Parotocinclus haroldoi
- Conservation status: Least Concern (IUCN 3.1)

Scientific classification
- Kingdom: Animalia
- Phylum: Chordata
- Class: Actinopterygii
- Order: Siluriformes
- Family: Loricariidae
- Genus: Parotocinclus
- Species: P. haroldoi
- Binomial name: Parotocinclus haroldoi Garavello, 1988

= Parotocinclus haroldoi =

- Authority: Garavello, 1988
- Conservation status: LC

Species of fish

Parotocinclus haroldoi is a species of freshwater ray-finned fish belonging to the family Loricariidae, the suckermouth armoured catfishes, and the subfamily Hypoptopomatinae, the cascudinhos. This catfish is endemic to Brazil.

==Taxonomy==
Parotocinclus haroldoi was first formally described in 1988 by the Brazilian ichthyologist Julio C. Garavello with its type locality given as the Otaviano stream, Poço do Sanharó, Riacho Sanharó in the Brazilian state of Piauí. Eschmeyer's Catalog of Fishes classifies the genus Parotocinclus in the subfamily Hypoptopomatinae, the cascudinhos, within the suckermouth armoured catfish family Loricariidae.

==Etymology==
Parotocinclus haroldoi is classified in the genus Parotocinclus, is a combination of para, meaning "near", and the genus Otocinclus, the genus the type species, P. maculicauda was originally thought to be a member of. The specific name, honours the Brazilian ichthyologist Heraldo A. Britski, who loaned Garavello many specimens, and assisted him with his manuscript for the description of this species.

==Description==
Parotocinclus haroldoi reaches a standard length of 3.5 cm. This species can be told apart from other species in its genus by its abdomen being wholly covered in relatively large plates, the other species either being naked or having small plates.
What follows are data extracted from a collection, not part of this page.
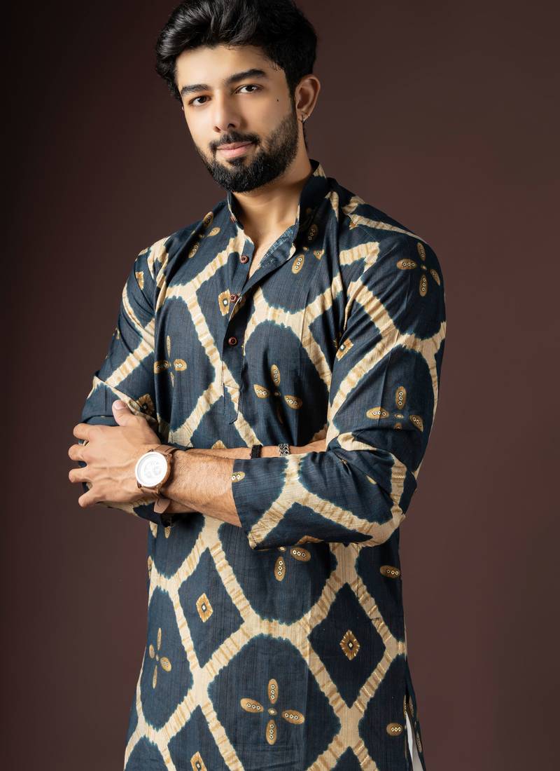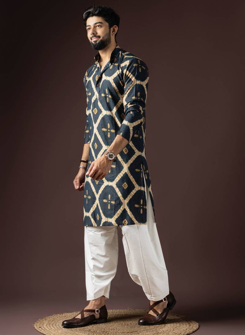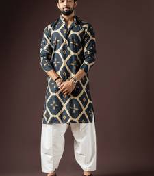 Product Name Navy Blue Color Beautiful Printed Rayon Fabric Ceremonial Men's Kurta Payjama
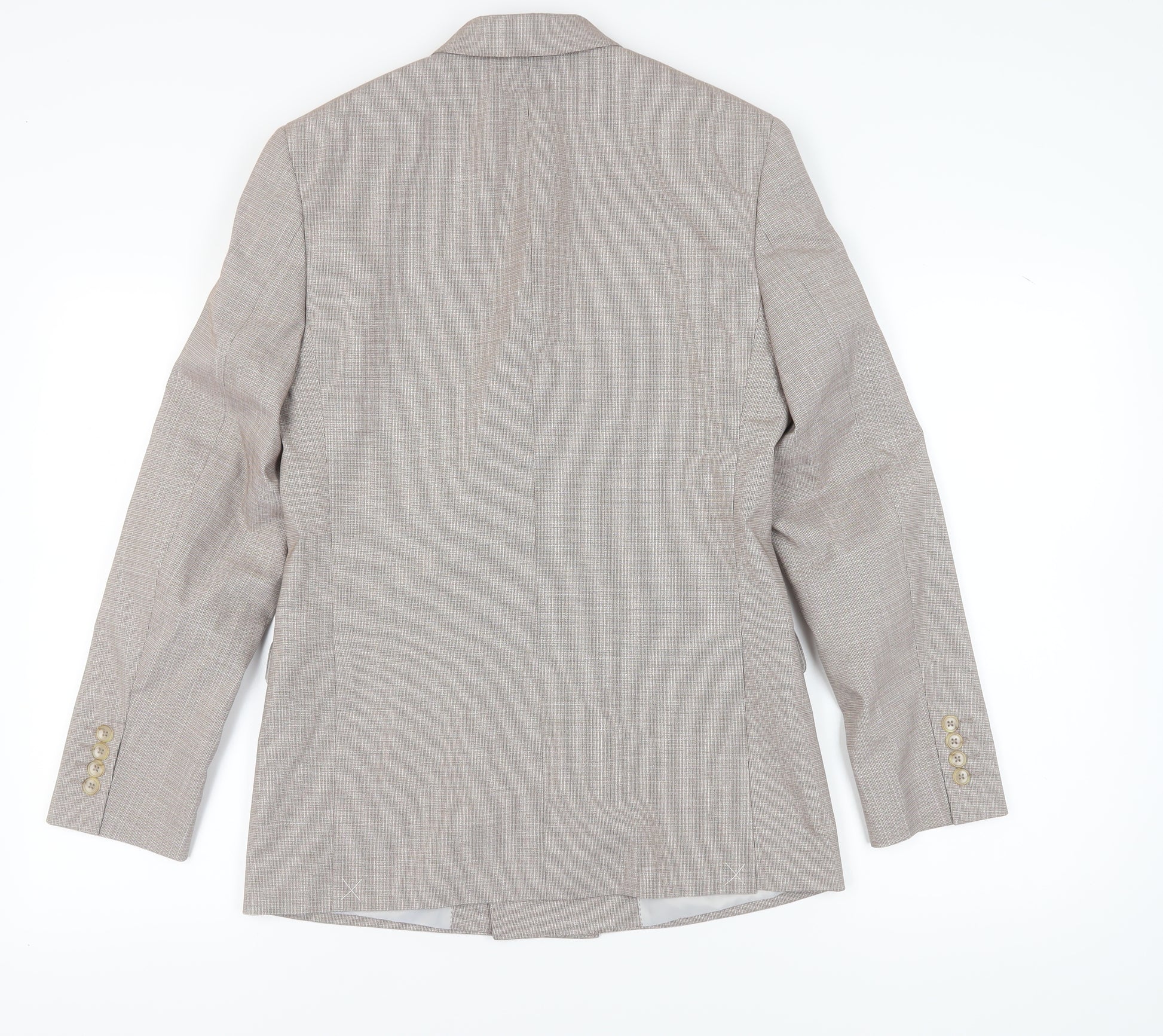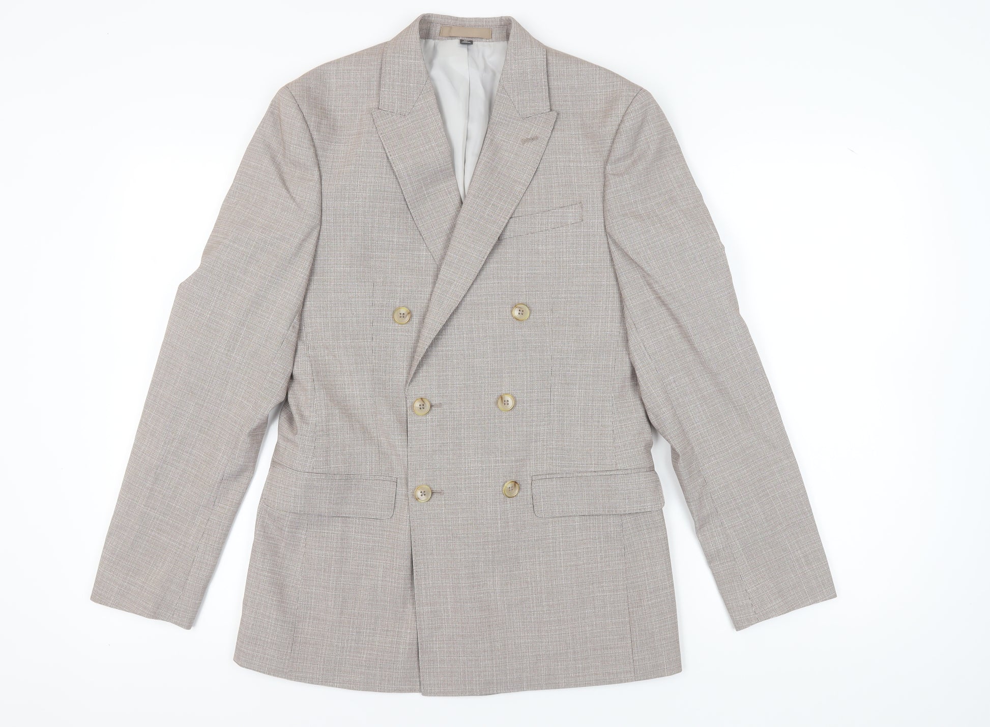 Step up your style game with this elegant beige check blazer from Marks and Spencer. Tailored for a regular fit, this double-breasted jacket brings a touch of sophistication to any ensemble. Crafted with a blend of polyester, viscose, and elastane, it offers both comfort and durability. The peak lapel design enhances its classic appeal, making it an ideal choice for a variety of occasions. Featuring a four-button sleeve accent and a double-vented back, this blazer exudes timeless elegance. The inner pockets add functionality, allowing you to carry essentials with ease. Its machine-washable fabric ensures easy maintenance, a perfect blend for the modern man on the go. Whether you're dressing up for a business meeting or adding a polished finish to a casual look, this Regular Length jacket makes a versatile addition to your wardrobe. New with tags and ready to elevate your fashion statement, this blazer is a must-have piece. Secure yours today and enjoy a sophisticated sartorial experience.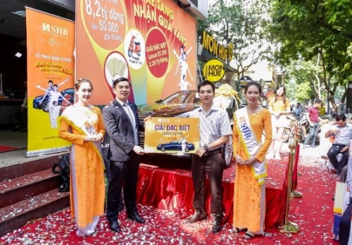 Trước đó, trong Lễ quay thưởng cuối kỳ, dưới sự chứng kiến của đại diện Cục xúc tiến Thương mại, các khách hàng, SHB đã tìm ra được chủ nhân của chiếc xe Lexus ES250 trị giá gần 2,3 tỷ đồng và nhiều giải thưởng có giá trị khác. Tổng giá trị giải thưởng toàn bộ chương trình là hơn 8,2 tỷ đồng.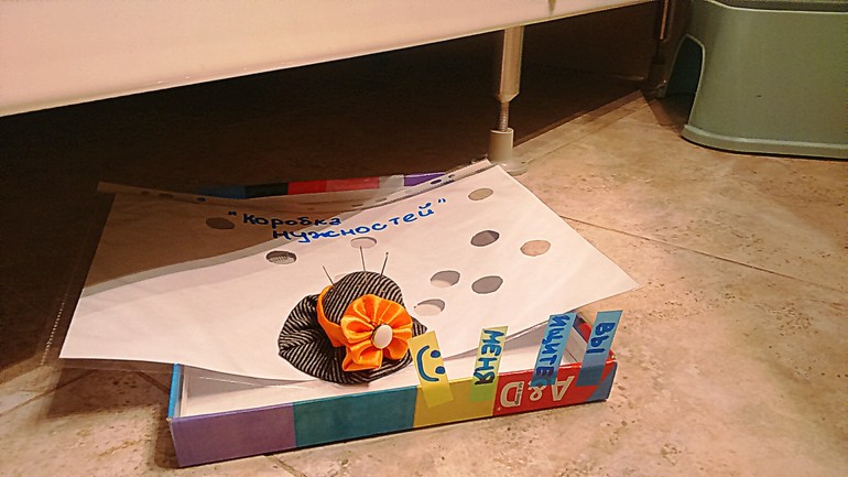 Дети догадались, что это ванна, побежали туда и на полу нашли "Коробку нужностей", в которой были трафарет и подушечка с иголками.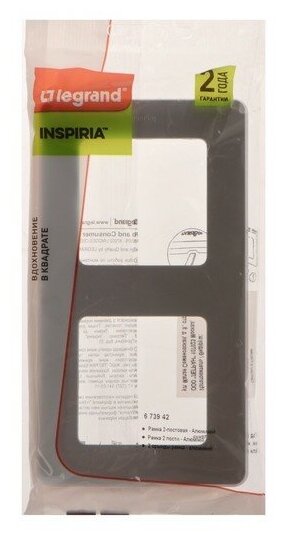 | Комплектация | декоративная рамка / Рамка 2-м Inspiria алюм. Leg 673942 / рамка |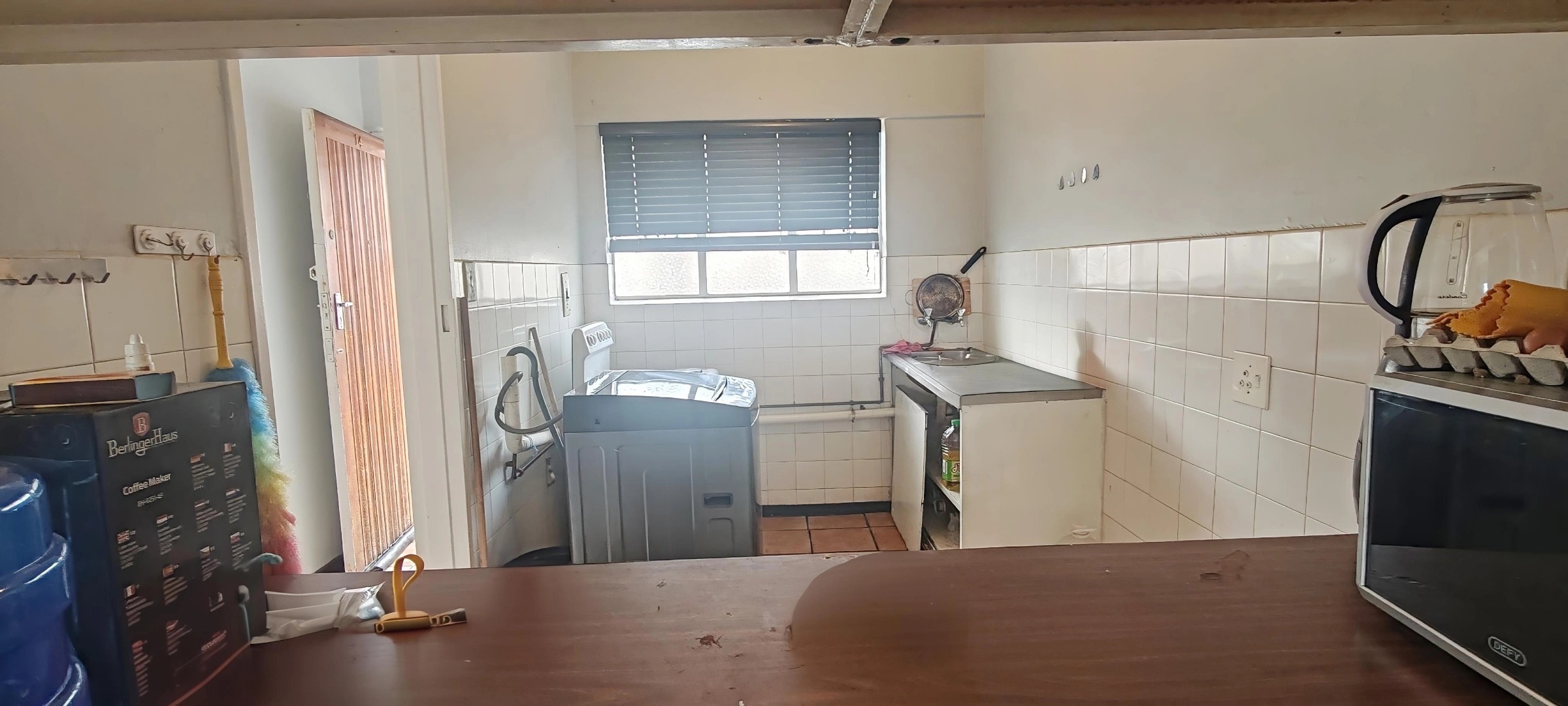 The unit offers a spacious open-plan living and dining area, perfect for comfortable everyday living. The kitchen is fitted with ample cupboard space, an electric oven, and designated washing machine space.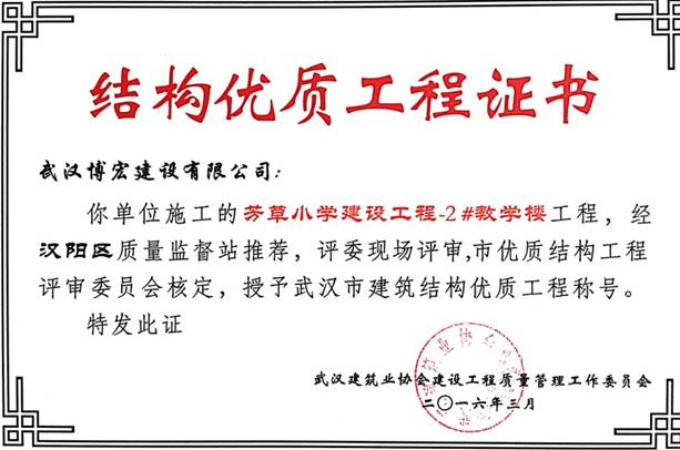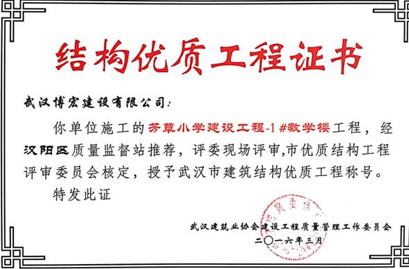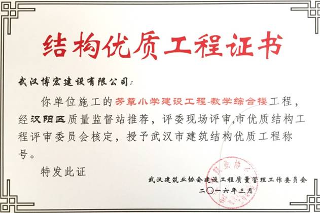 我單位施工的芳草小學建設工程(芳草路與四新北路交匯處西北角)1#教學樓、2#教學樓、教學綜合樓工程,經漢陽區建筑管理站推薦,評委現場評審,武漢建筑業協會建設工程質量管理工作委員會核定,授予武漢市建筑結構優質工程稱號。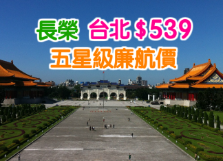 長榮全年優惠!香港來回台北$539!可停留一個月!2017年6月30日前出發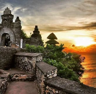 Uluwatu Temple (Pura Luhur Uluwatu): Perched majestically on a dramatic cliff overlooking the Indian Ocean, this ancient temple offers spectacular views, especially at sunset. Don't miss the chance to witness the iconic Kecak Dance performed against the backdrop of a vibrant Balinese sunset – a truly captivating cultural spectacle.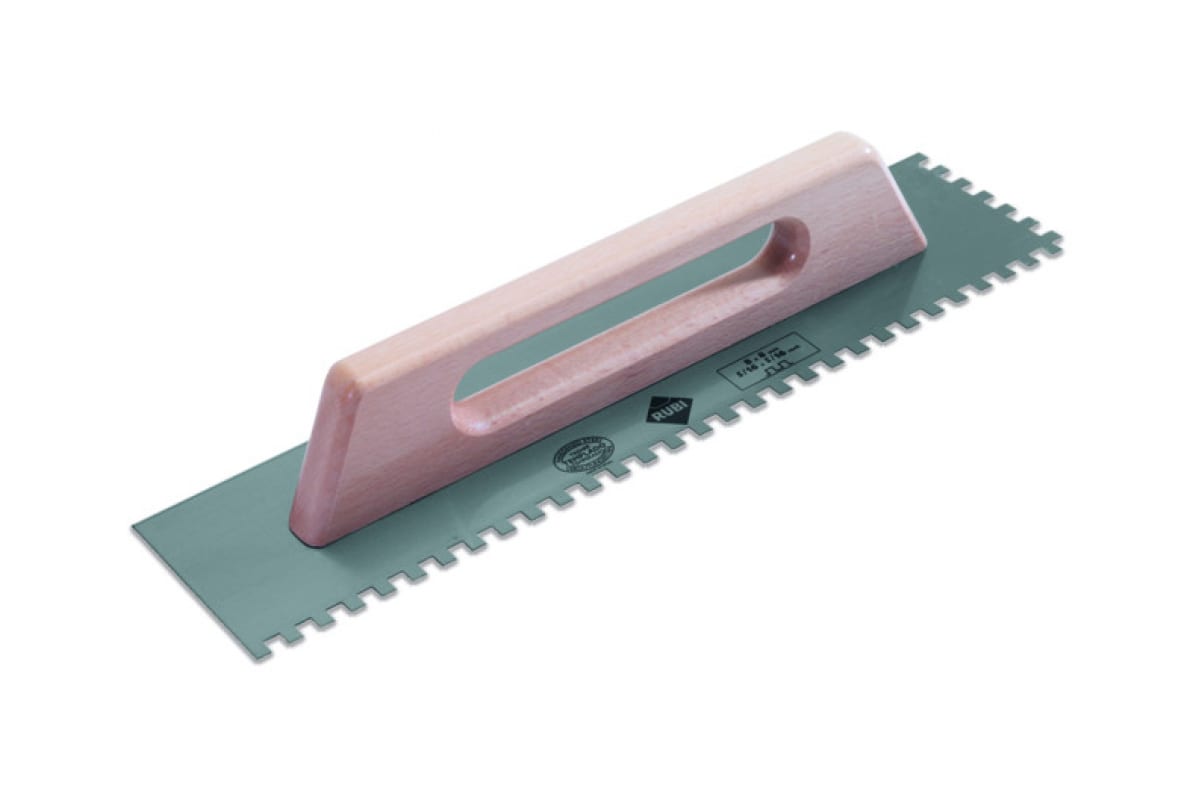 Стальная гребенка RUBI 48см, 10х10мм 65983 представляет собой рабочую пластину из особой прочной стали с антикоррозионной обработкой бесцветным лаком. Идеальная гладкость пластины позволяет выполнять работу быстро и качественно. Зубцы 10х10мм для дозификации клеевого раствора на неровной поверхности.
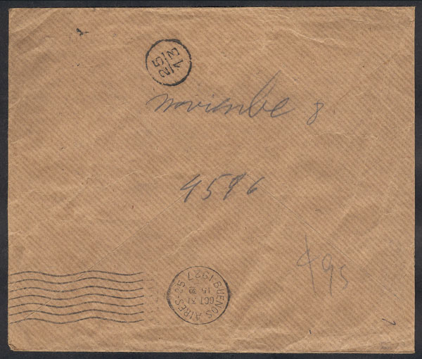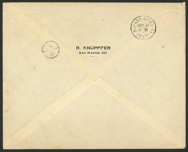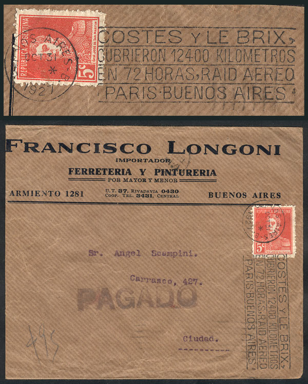 Cover used in Buenos Aires on 31/OC/1927, with 5c. franking and slogan cancel: "Costes and Le Brix flew 12,400 kilometers in 72 hours, Paris-Buenos Aires", excellent quality, scarce! (Image) (Image-02)
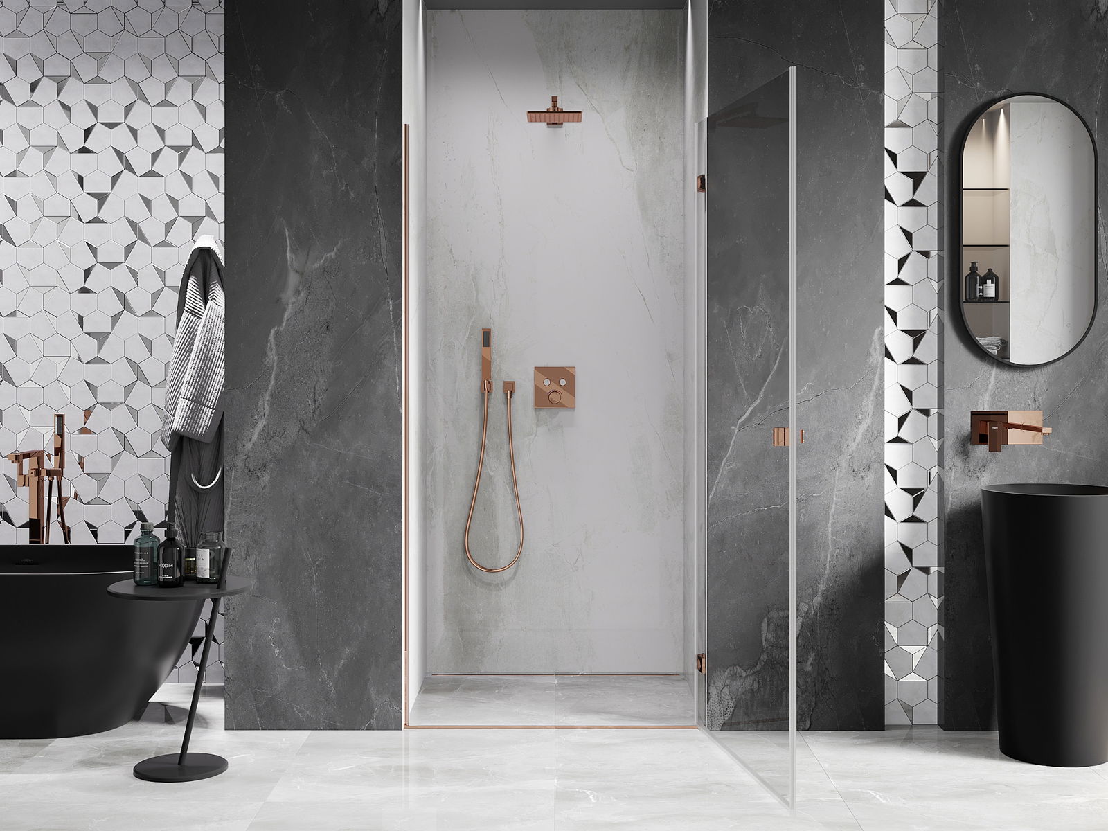 A kapcsok nagyon tartós rézből készültek, ráadásul egy síkba hozott üveglapot alkotnak. Kitűnő választás, amely ötvözi az eleganciát, a tartósságot és a modern dizájnt. Az ilyen megoldásoknak köszönhetően a zuhany megjelenése esztétikusabb, és egyúttal megkönnyíti a tisztán tartást.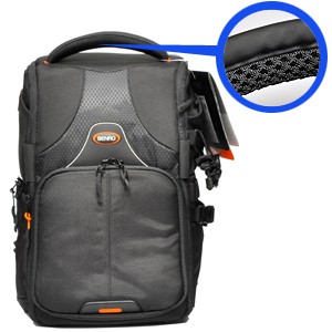 - Mặt lưng túi có thiết kế đặc biệt với các múi - gờ thông gió có chiều cao đủ để có lượng thoáng gió tốt. Nhưng chất liệu của các gờ này là rất nhẹ và đủ độ vững để bảo đảm định hình của khung balô và bảo vệ các thiết bị đựng bên trong.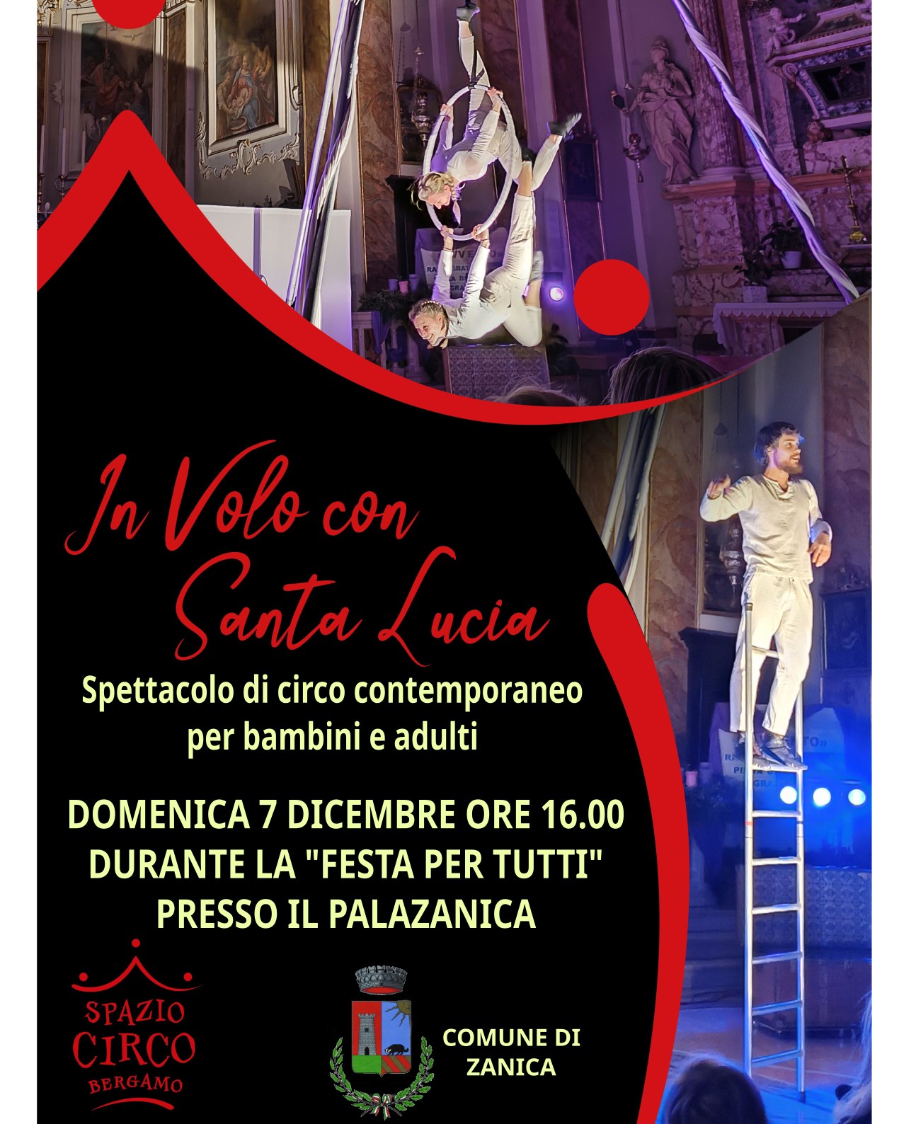 Il Comune di Zanica e Spazio Circo Bergamo invitano tutti a «In Volo con Santa Lucia», uno spettacolo di circo contemporaneo pensato sia per bambini che per adulti.

This species has 26 teeth on the premaxilla and between 18 and 26 on the dentary. The presence of a well developed adipose fin also helps to identify this species. The background colour of the back and sides is dark brown to greyish, the underside is yellow. There are four indistinct paler bars on the upper body with the back and sides also having some small, yellow elongated spots. The fins are striped with brown and yellow.

==Distribution==
Parotocinclus haroldoi is endemic to Brazil where it occurs in the Parnaíba River in both the main channel and in the tributaries of Gurgueia, Piauí-Canindé, Poti and Longà rivers in the states of Ceará, Piauí and Maranhão. This species is found in rivers with a moderate current in the vegetation zones known as the Cerrado and Caatinga.